** PROMPT **
Exactly the lines from the line with "Ein Highlight sind" through the final line of the records below, both ends included, are to be set down. Do not include pictures.

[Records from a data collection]
┌────────

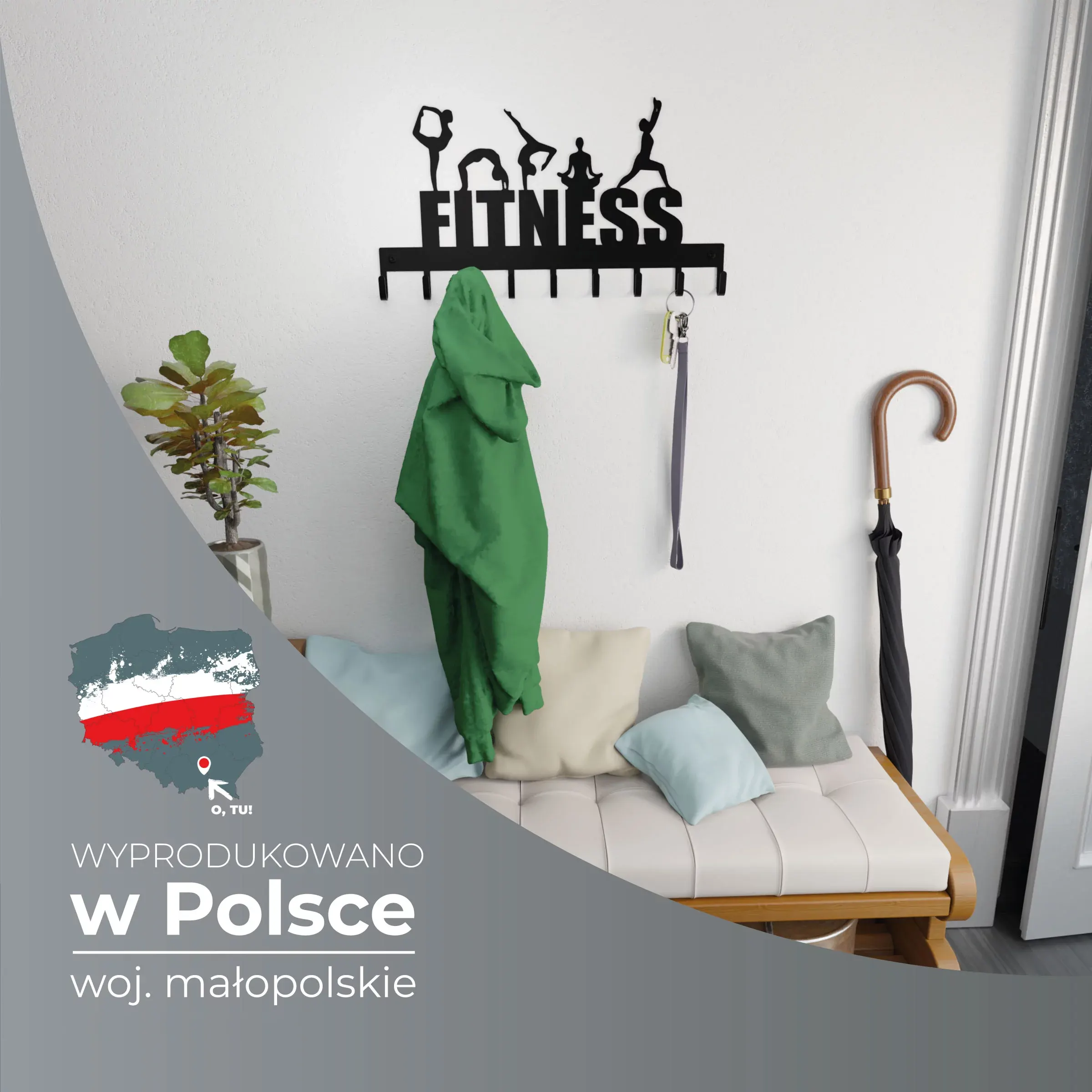 Kochasz fitness? A może posiadasz własne studio fitnessu lub siłownię? Jeśli tak, potrzebny Ci jest wieszak i uchwyt ścienny „FITNESS” na klucze, ubrania i biżuterię. Dzięki niemu masz pewność, że w Twoim wnętrzu nie zapanuje chaos, a ubrania i inne drobiazgi znajdą się dokładnie tam, gdzie powinny. Musisz jednak wiedzieć, że ten niecodzienny wieszak ścienny inspirowany światem fitnessu to nie tylko miejsce, na którym można zawiesić klucze, torebki czy kurtki, to również najszczerszy wyraz Twojej pasji i stylu życia.
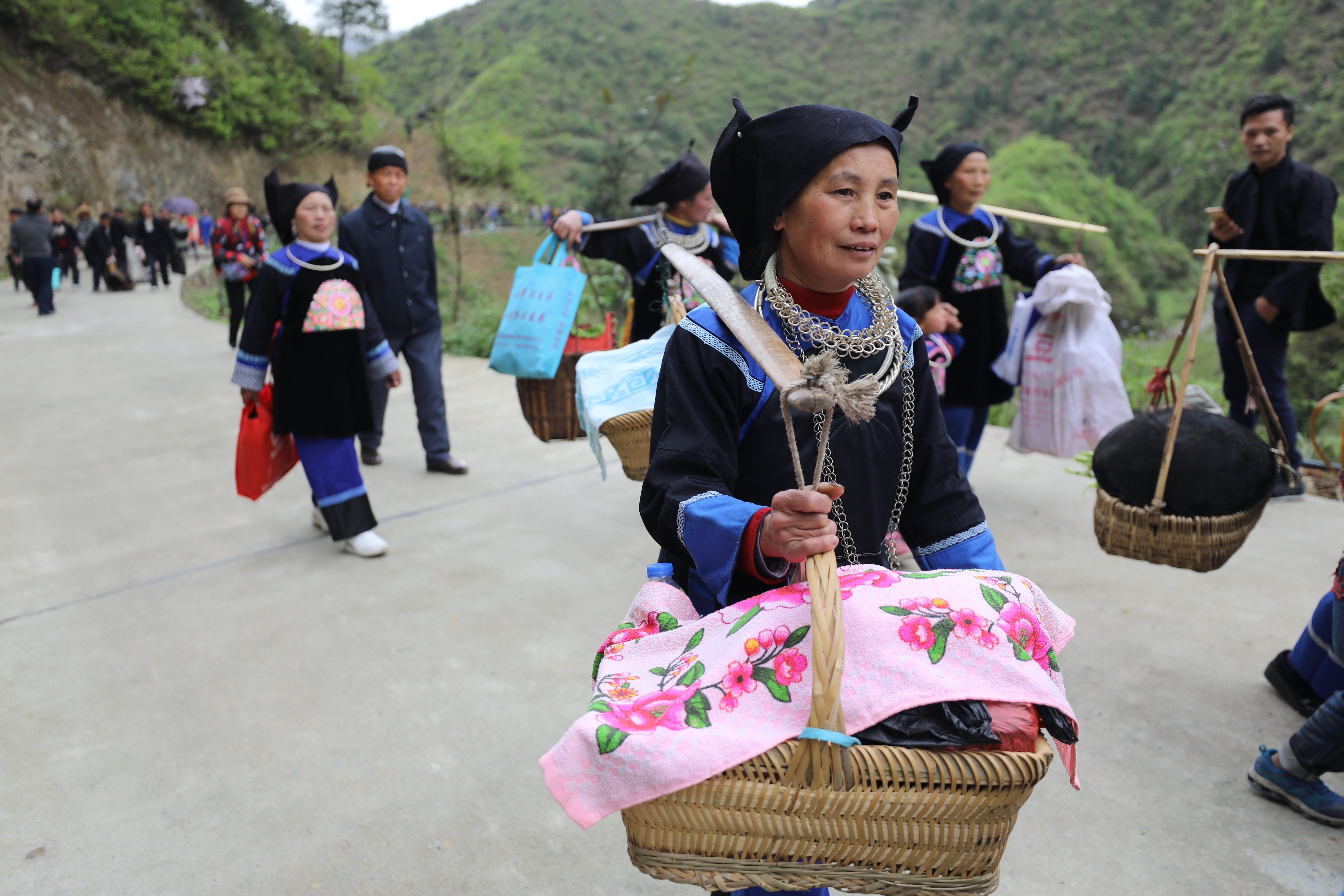 贵州剑河苗族祭祖节后 绵延一公里的山路野炊
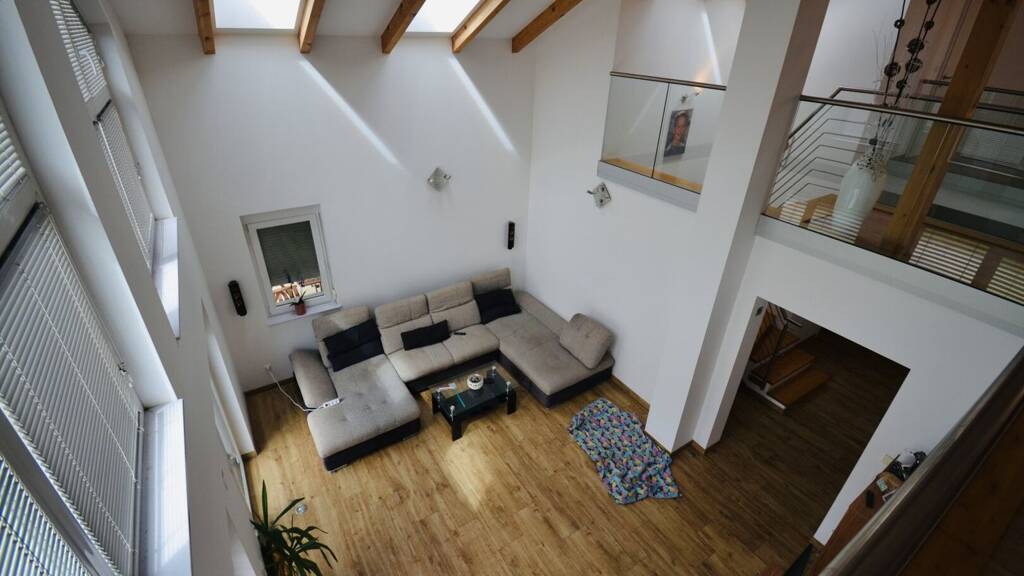 Ein Highlight sind die großflächigen Fenster und die stilvolle Galerie, die dem Haus eine offene, lichtdurchflutete Atmosphäre verleihen und den Wohnraum elegant vergrößern.
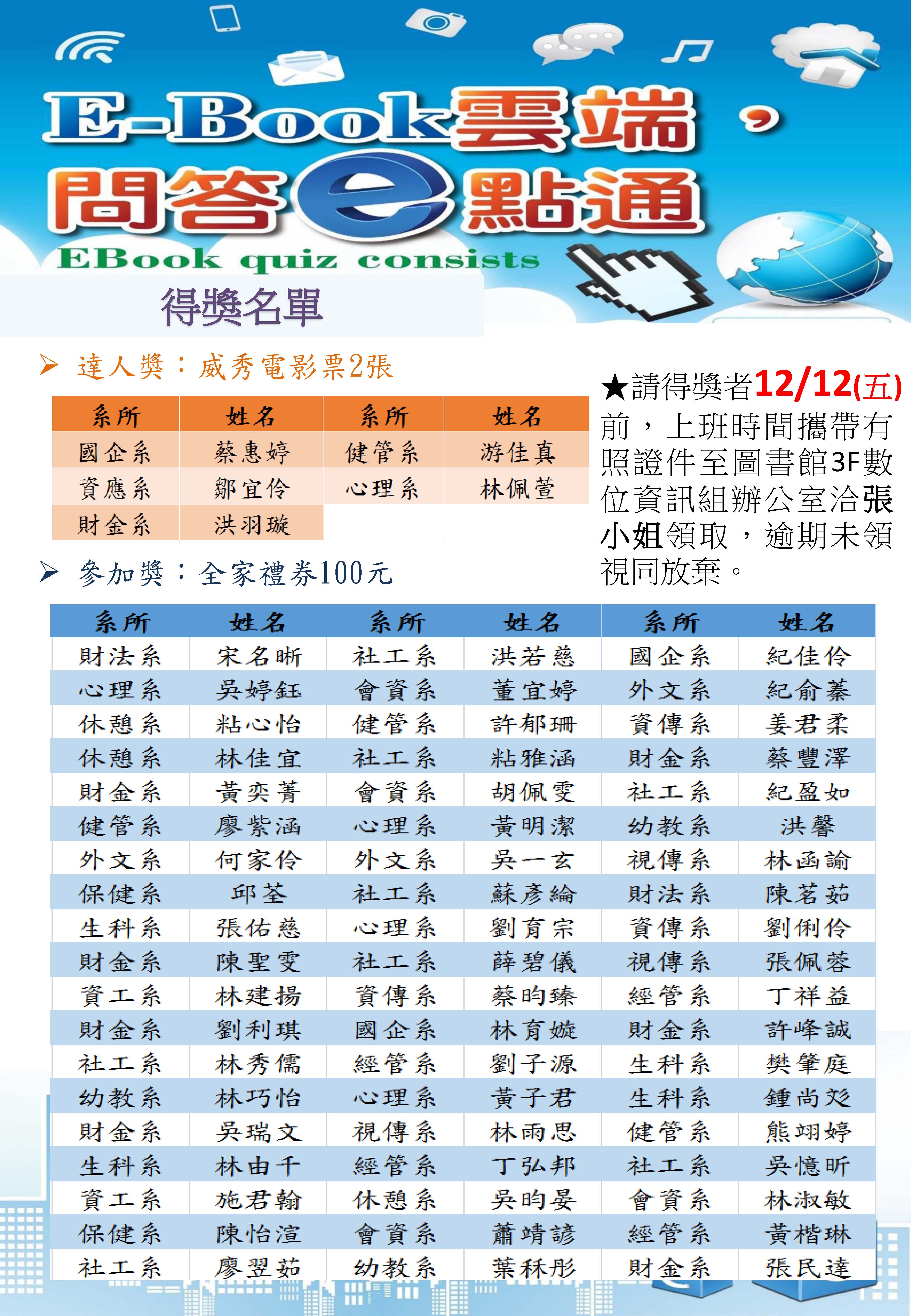 【圖書館週】E-Book雲端,問答e點通,得獎名單公布! 2014-12-09 【E-Book雲端,問答e點通】得獎名單公布!恭喜得獎者,請得獎者於12/12(五)前,上班時間攜帶有照證件至圖書館3F數位資訊組辦公室洽張小姐領取,逾期未領視同放棄。 問題解答
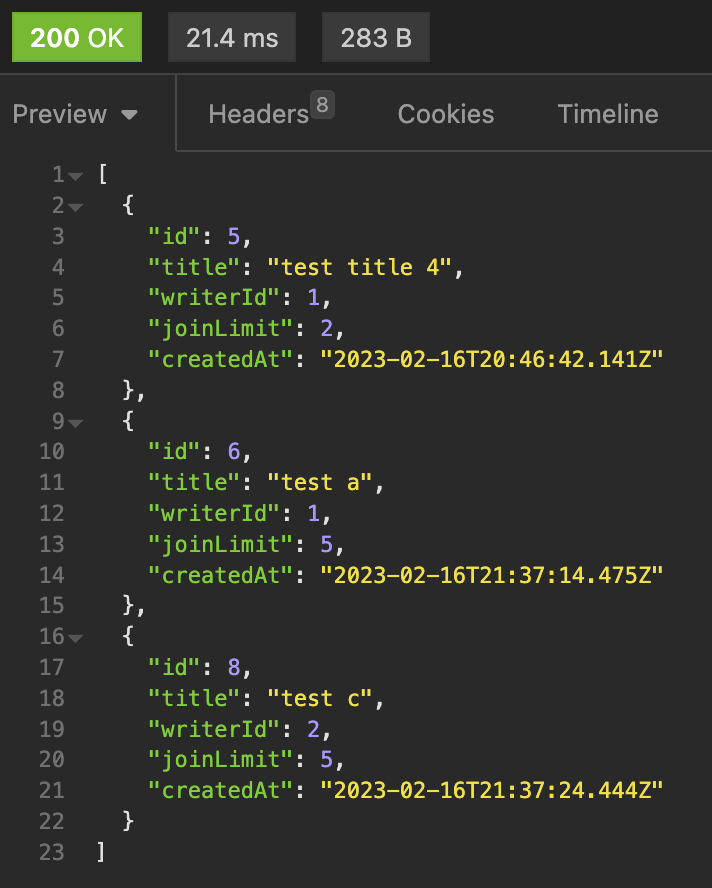 select: ['id', 'title', 'writerId', 'joinLimit', 'createdAt'],

└────────

** RESPONSE **
 Ein Highlight sind die großflächigen Fenster und die stilvolle Galerie, die dem Haus eine offene, lichtdurchflutete Atmosphäre verleihen und den Wohnraum elegant vergrößern.
 【圖書館週】E-Book雲端,問答e點通,得獎名單公布! 2014-12-09 【E-Book雲端,問答e點通】得獎名單公布!恭喜得獎者,請得獎者於12/12(五)前,上班時間攜帶有照證件至圖書館3F數位資訊組辦公室洽張小姐領取,逾期未領視同放棄。 問題解答
 select: ['id', 'title', 'writerId', 'joinLimit', 'createdAt'],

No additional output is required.